BigNeuron

FAQ

Frequently Asked Questions

Q1. I do not want someone else to convert or (re)implement and evaluate my algorithms and claim a certain performance. How will BigNeuron handle this?

A. BigNeuron will NOT change the core parts of any of the entry-algorithms, but will instead use the original implementation of the respective groups. However, BigNeuron has clearly defined requirements that the input image data format and output neuron reconstruction format be the same for all methods. Moreover, every algorithm has to be accompanied by one single best parameter set (fine-tuned by the developers beforehand) so they can be run with large-scale data sets without stopping. If a manual operation component is needed, this must be defined before the batch processing begins.

Q2. To what extent should we enforce implementation of a neuron tracing method in Vaa3D? What should be the programming language of the plugin?

A. The Vaa3D plugin interface provides non-invasive linkage to any third party code. The programming language for creating a plugin is C/C++. The standardized protocols to port algorithms will be illustrated with many examples and abundant documentation with hands-on support during dedicated hackathons.

Q3. How can I incorporate code written in Matlab, Java, Python or another language other than C/C++?

A. BigNeuron is a very large scale project, and enforcing a unified API is critical to ensure fair comparison for any pre-defined assessment. We thus discourage usage of Matlab, Java, Python or other programming languages besides C/C++ for this bench testing. Nevertheless, if an API of a specific language other than C/C++ can be created to utilize the Vaa3D plugin interface for reading images and generating SWC format neuron reconstructions, it will be included in bench-testing.

Q4. What is the “ground truth” or “gold standard” for evaluation?

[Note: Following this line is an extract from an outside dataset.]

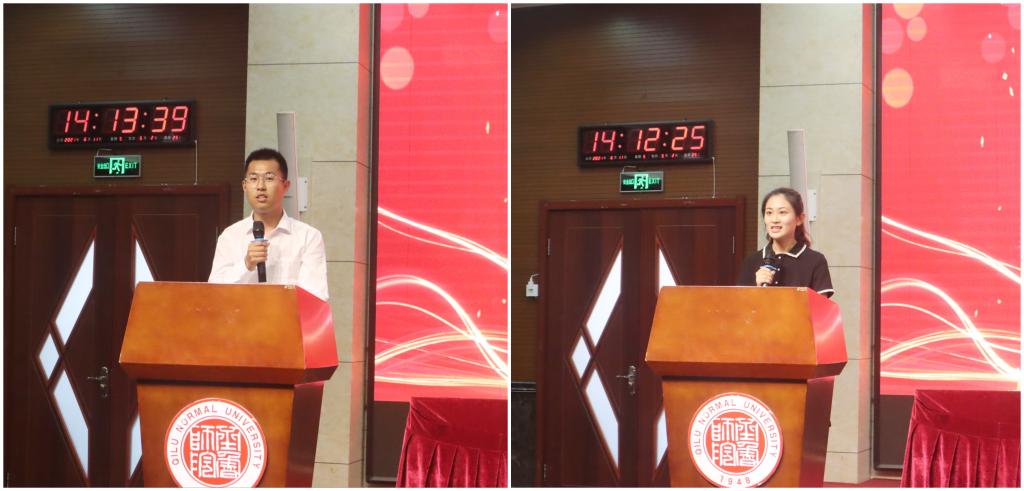 2021届校友联络员代表2017级数学学院侯昭平和2020届校友工作志愿者协会代表闫泽新先后上台发言,他们首先感谢了母校以及老师的培养,同时也表达了对母校的依依不舍之情,并表示作为一名校友联络员可以对母校的发展做出积极的贡献,这是一份荣誉更是一份责任,在之后的学习工作中会一直关注母校的发展,在走到工作岗位后会继续开拓创新,扎实工作,为永利官网校友工作贡献一份自己的力量。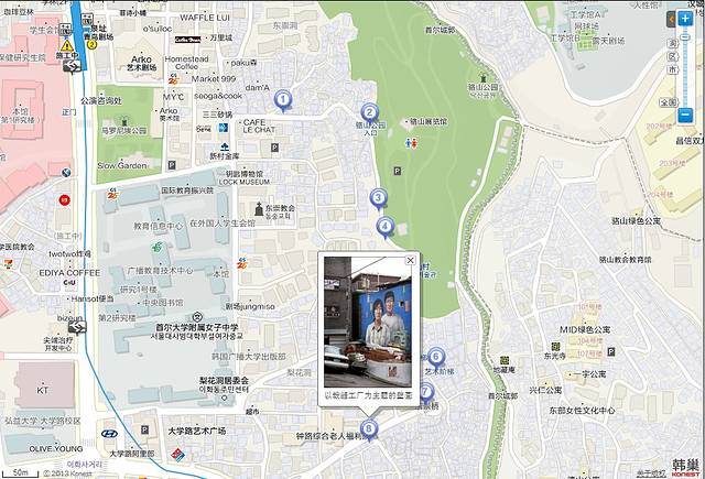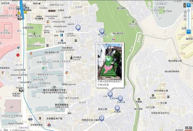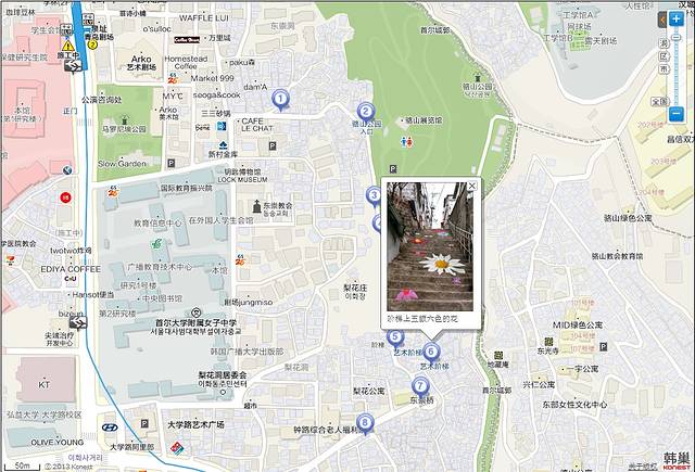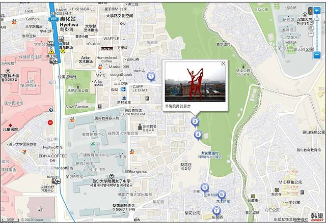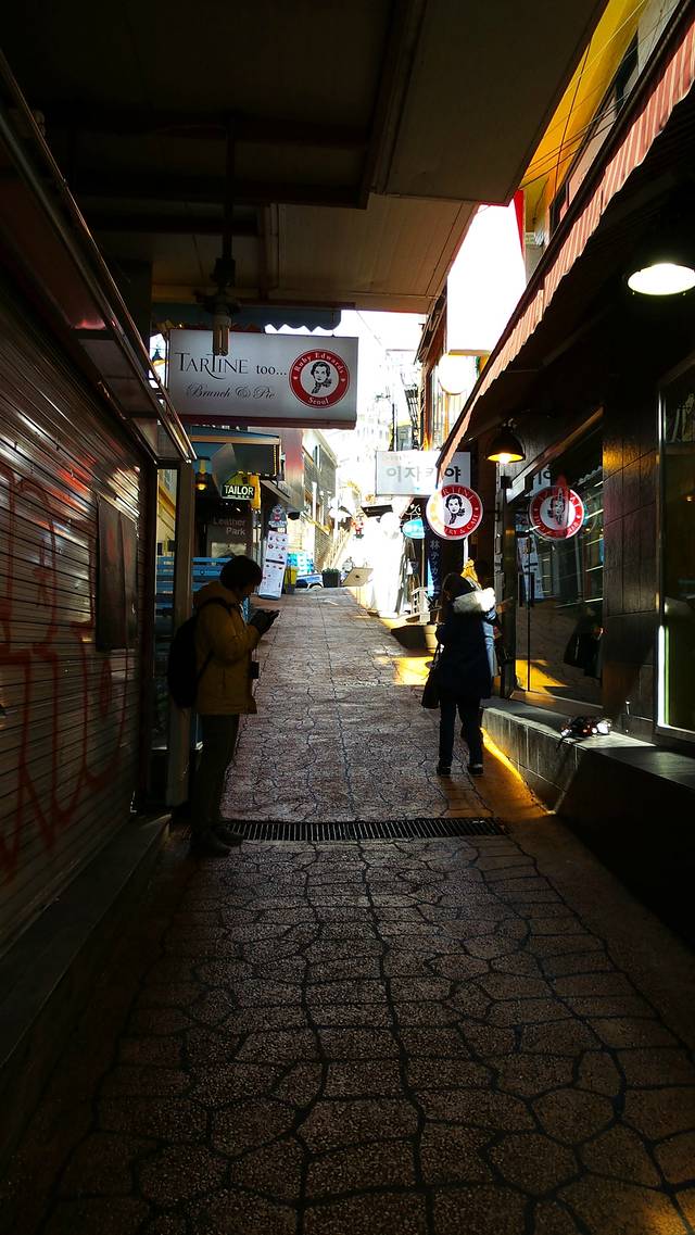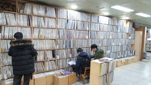 返回时意外走错走到了会贤地下广场,有一块卖胶片唱片的地方,看样子都是老板自己收集起来的,按元音排列着,一整墙看着也挺不明觉厉的。具体的走法是在之前提到的绿色路线中,友利银行的斜对面,一个像地铁入口的地方,那个其实不是地铁入口,地铁还需要往前走一点。

A. The most practical possibility is to annotate a subset of the data, without the participants knowing which part. This requires running the algorithms on all of the data and still yielding reliable estimates of performance. Efficient annotation could be leveraged by Vaa3D’s Virtual Finger functions. We encourage data contributors to provide as many manually generated or curated reconstructions as possible that will be used to evaluate algorithms. We will also organize an Annotation Workshop for experts to generate such “ground truth” or "gold standard" reconstructions.

It should be noted that in the strict scientific sense, there is no “ground truth” for the majority of these data sets, as the “ground truth” has to be generated using completely different methods to reflect the physical 3D morphology of the neurons. In this sense, the human-generated reconstructions are merely “gold standard” data to assist evaluation. Such "gold standard" evaluation data should be generated by multiple human annotators in order to measure the variability of manual reconstructions in a multi-dimensional morphometric space. Comparison with machine-generated reconstructions would then allow one to estimate the type and bounds of errors for any of the algorithms. The good algorithms will be those that consistently approach the human consensus (mean) reconstructions within manual variation (i.e. standard deviation for any of the metrics in the multi-dimensional space).

Q5. Will it be possible to get better reconstructions by somehow combining the output of individual methods (for example by majority voting)?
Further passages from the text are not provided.